Most of the cast members, awaiting cues, watch the action from chairs near the truck entry. Mezzo soprano Carolyn Kahl walks around the edges of the stage area in knee-length khakis, knee pads and a T-shirt, adjusting her walk to look as macho as she can. She's playing the Count's male page, Cherubino, a pants role that combines boisterous, high-energy comedy with the touching emotions of young love. As Cherubino discovers his feelings about women in general, he's particularly distracted by his boss' wife, the beautiful Countess Almaviva.
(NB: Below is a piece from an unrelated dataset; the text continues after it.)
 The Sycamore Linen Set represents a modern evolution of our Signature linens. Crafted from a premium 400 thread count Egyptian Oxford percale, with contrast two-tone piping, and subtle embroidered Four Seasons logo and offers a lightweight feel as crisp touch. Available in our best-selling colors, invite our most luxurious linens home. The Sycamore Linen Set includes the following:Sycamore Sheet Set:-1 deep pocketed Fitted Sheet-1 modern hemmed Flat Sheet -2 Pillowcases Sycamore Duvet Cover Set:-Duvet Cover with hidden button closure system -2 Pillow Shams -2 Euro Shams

The comedy, tenderness and delightful arias make Cherubino one of the most fun roles - even if it's not one of the most prominent ones - in opera. Kahl gets to run and hide, sing about discovering love and take that classic trouser-role turn: She's a girl playing a boy discovering girls who, as the plot unfolds, gets to disguise herself as a girl in a comically rich layer cake of wannabe macho swagger and irrepressible femininity.
The first two acts of Nozze di Figaro are busy with comings and goings and secrets. They also have some of the most memorable melodies in opera. And Cherubino gets to have a lot of the fun.
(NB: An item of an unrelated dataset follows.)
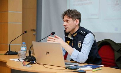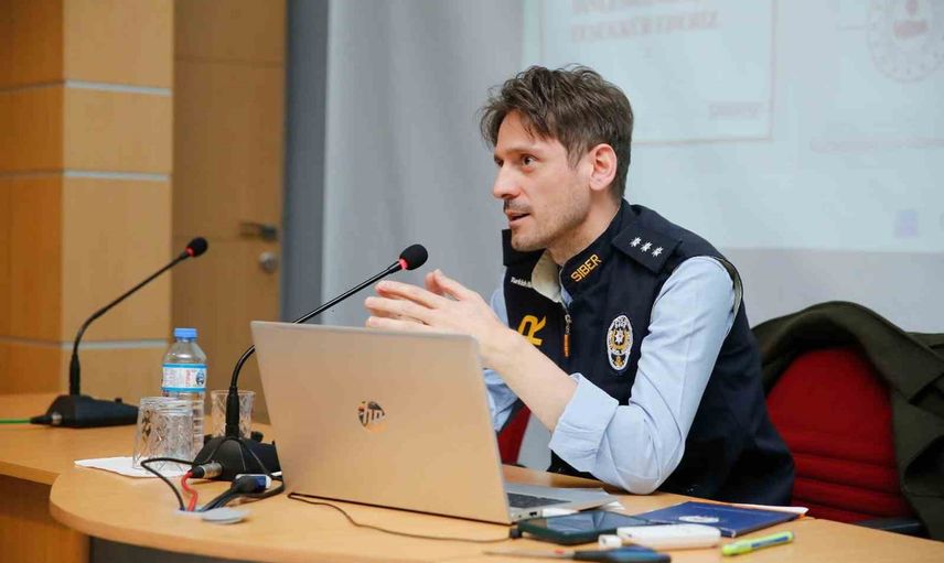 Konuşmacı olarak yer alan Başkomiser Yusuf Yılmaz (Siber Suçlarla Mücadele Şube Müdürlüğü) yapay zeka teknolojilerinin kötü amaçlarla nasıl kullanılabildiğini katılımcılara aktardı. Yılmaz, özellikle gençlerin dijital ortamlarda karşılaşabilecekleri risklere karşı daha dikkatli olmaları gerektiğini vurguladı.

Kahl says her youth prepared her well for the role: "I grew up with two younger brothers. And in high school, I was more an athlete than a musician." In her hometown of Saginaw, Michigan, she lettered in varsity basketball, volleyball and soccer. Having this role brings back memories of those rough-and-tumble days.
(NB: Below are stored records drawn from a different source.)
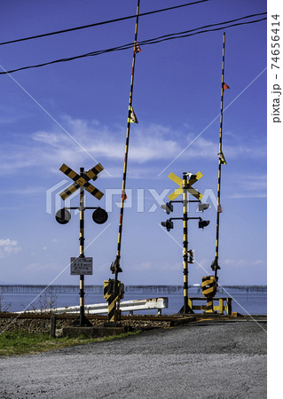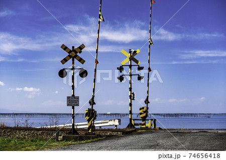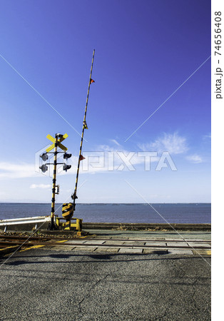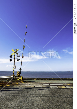 晴天の青空に白い雲有明海の青い海が見える三角線の踏切風景
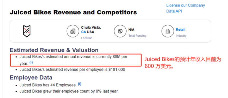 Juiced Bikes預計年收入為800萬美金 圖源:Growjo
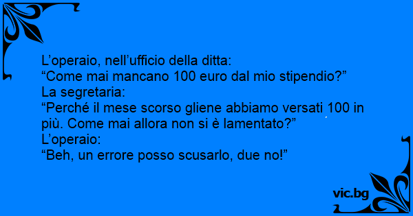 “Perché il mese scorso gliene abbiamo versati 100 in più. Come mai allora non si è lamentato?”
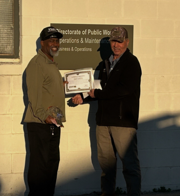 Hello everybody – we’re coming to you from Southeast Georgia at our Ft Stewart and Hunter Army Airfield (HAAF) base operations support locations in and around Savannah, Georgia. Tsay’s project manager Timmy Blount is seen here presenting some well-deserved recognition to Robert Kellar (HAAF Roads and Grounds lead) for his continued “service before self” work ethic and team building attitude. As per his certificate, Robert never complains, always goes above and beyond, and always completes the mission no matter what obstacles are in his way!

But that was also when she first learned the aria "Voi Che Sapete, Che Cosa e Amor," in which the adolescent Cherubino tells older women, "You ladies who know what love is, see if it is what I have in my heart … Since it is new to me, I don't understand it. I have a feeling full of desire, which now is pleasure, now is torment."
When she first learned the aria at the age of 16, says Kahl, her voice was different than it is now at 30: "You span a lot of different vocal technique in that time. And learning these parts is just like learning something on an instrument: There is a lot of muscle memory. So to bring it into the present, you almost have to relearn it."
The physicality of the role presents its own challenges. Kahl has to internalize the habits of walking like a man. "I always make the gym a big part of my preparation," she says. "The hips can be a factor when you're playing a boy."
And as Cherubino's subplot evolves, her manliness has to become more confident and less an adolescent caricature. Count Almaviva responds to his page's obvious enthusiasm for the Countess by sending him to war. At first, he seems like a boy soldier, recruited far too early. By the end, he seems resolved and ready for it.
The first time Kahl sang the whole role in a production came almost 10 years after she learned the aria in a young artists program with the Seattle Opera. It was "odd to be a girl playing a boy going after a woman," she says. Now, though, she's able to get caught up in the action of the story, so it comes more easily. Opera Cleveland's production has a lot in common with the one in Seattle - including director Peter Kazaras, conductor Dean Williamson, Corey McKern as Count Almaviva and Maureen McKay as Susanna. Other principals in the Opera Cleveland production include Jason Hardy as Figaro and Elaine Alvarez as Countess Almaviva. But that production in Seattle was a long time ago. Kahl says she's spent most of the past 10 years living out of her Honda Civic, traveling the country for different singing roles. For the past two years, she's been in New York. She left there because she's moving to Germany for six months for a cultural ambassadorship - an exchange program with the Goethe Institute, during which she'll audition and try to develop a European career. She leaves for that gig the day after Nozze di Figaro closes in Cleveland. For now, Kahl is just enjoying the company. She says the cast has jelled really well in Cleveland, hanging out together in the evenings and taking turns hosting Sunday brunch. For an opera that has so many great parts and a true ensemble cast, that should make for high energy and a sense of fun the audience can't miss.